Michel Gandilhon est expert associé au pôle Sécurité et défense du CNAM et membre de l’Observatoire des criminalités internationales (OBSCI) de l’Institut de relations internationales (IRIS).

Un article à retrouver dans le N°64. Chine : un défi pour l’Europe

La Chine est depuis des siècles une terre d’élection des sociétés secrètes. Ce phénomène, qui témoigne des relations problématiques existant entre la société civile et la bureaucratie céleste, recouvre toutes les dimensions de la vie sociale, le commerce et l’agriculture, la religion et la politique, et bien évidemment le crime. Ainsi, les organisations criminelles les plus puissantes actuellement en Chine sont probablement aussi les plus anciennes de la planète. Loin devant les sociétés secrètes italiennes, plus connues sous l’appellation générique de « mafia », qui pourtant sont enracinées dans le terreau social du Mezzogiorno depuis 150 ans.

A l’origine

Le phénomène des triades plongerait en effet ses racines dans la seconde moitié du XVIIe siècle, quand la Chine est assujettie par des envahisseurs mandchous qui renversent la dynastie des Ming. S’ouvre alors le règne des Qing, considéré par le peuple chinois comme une force d’occupation étrangère. Le substantif « triade » trouverait son origine dans l’une des nombreuses sociétés secrètes qui se développent alors afin d’organiser la résistance au nouveau pouvoir : la Société du Ciel et de la Terre. Certains spécialistes chinois affirment qu’elle fut créée en 1674, dans la province méridionale du Fujian, au terme de la conquête de la Chine méridionale. Devenue, au fil d’une histoire marquée par de multiples métamorphoses, la Société des Trois Unions, symbolisée par un triangle reliant l’homme, le ciel et la terre, elle donnera naissance à la triade, Sanhehui en mandarin. La Chine compte à l’époque deux autres grandes sociétés secrètes qui engendreront les Qing Bang et les Hong Men. Elles sont organisées autour de clans familiaux autonomes enracinés territorialement, mais reliés entre eux par un mode organisationnel hiérarchisé ordonné autour de rites initiatiques.

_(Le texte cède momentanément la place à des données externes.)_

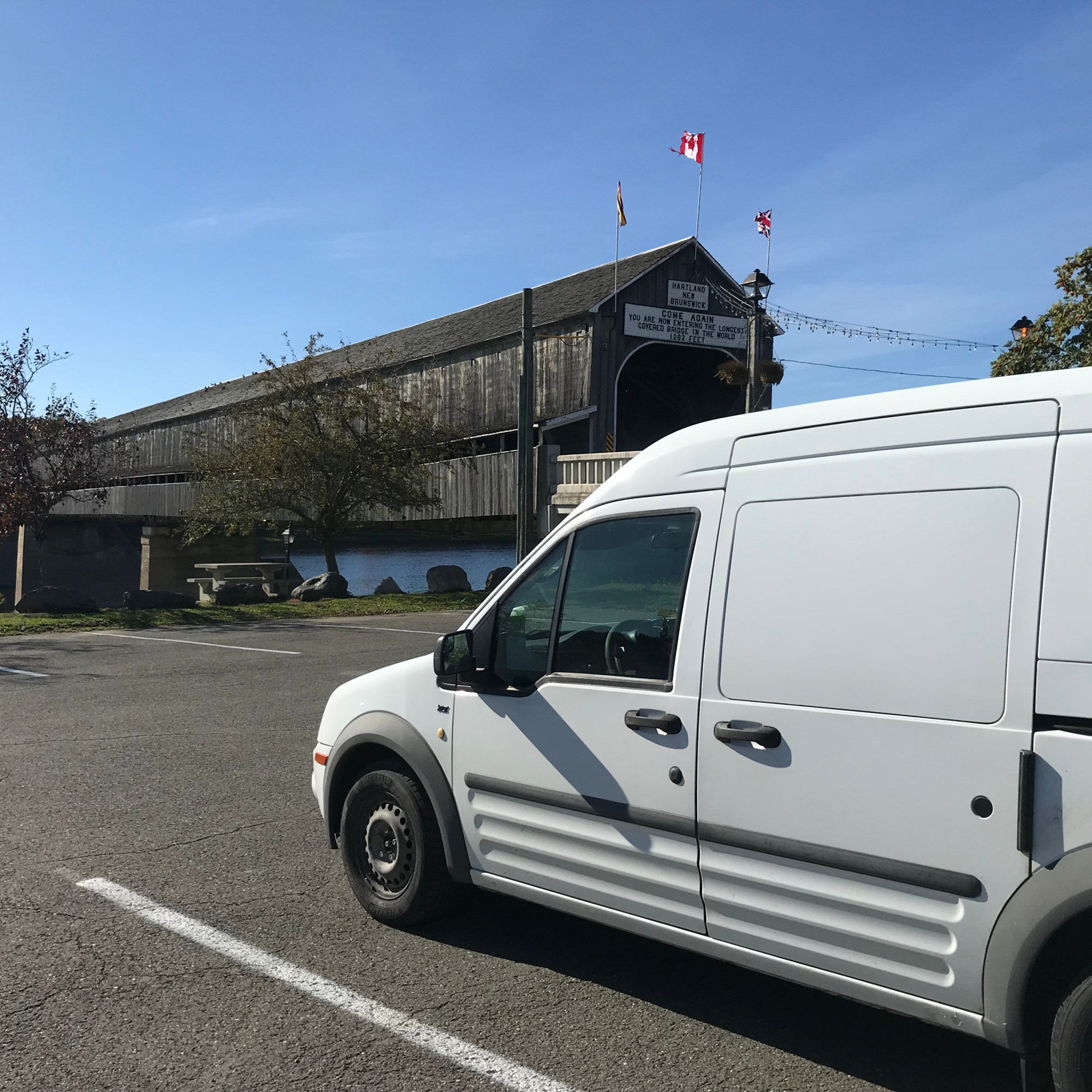That night I got my first below freezing sleeping adventure- not bad going to bed, but a chilly wake up call. I did get up in the night to put on socks and my knit headband, but haven’t had to pull out the sleeping bag for reinforcement yet. It was out of Quebec and into New Brunswick next on my way to meet up with family friends in Nova Scotia, and along the way the highway sign gods were good to me and I stumbled upon the world’s longest covered bridge. The world’s longest!!! I have a special place in my heart for a good covered bridge, with the covered bridge tour near my college town, and a long and finally fruitful search for one we could drive across still on a past road trip. So, I may have been overexcited. There’s a video I took while crossing. It was great. Yet again, fall colors on point all along the way.

Leur lutte contre le régime va prendre pendant trois siècles une tournure à la fois politique, religieuse et sociale. Politique du fait de la lutte contre les Qing et les « démons » étrangers en prenant part notamment à la révolte des Taiping (1851-1864) et des Boxers (1899-1901). Religieuse parce que fortes de leur croyance taoïque et bouddhique, elles sont hostiles au confucianisme d’État. Sociale parce qu’elles deviennent la pointe avancée de la résistance des classes les plus déshéritées de la société chinoise en opérant une forme de redistribution sociale, très utile pendant les périodes récurrentes de famine, par l’entremise de sociétés charitables. Les sociétés secrètes vont donc conquérir progressivement une popularité et un soutien réels au sein de la population chinoise.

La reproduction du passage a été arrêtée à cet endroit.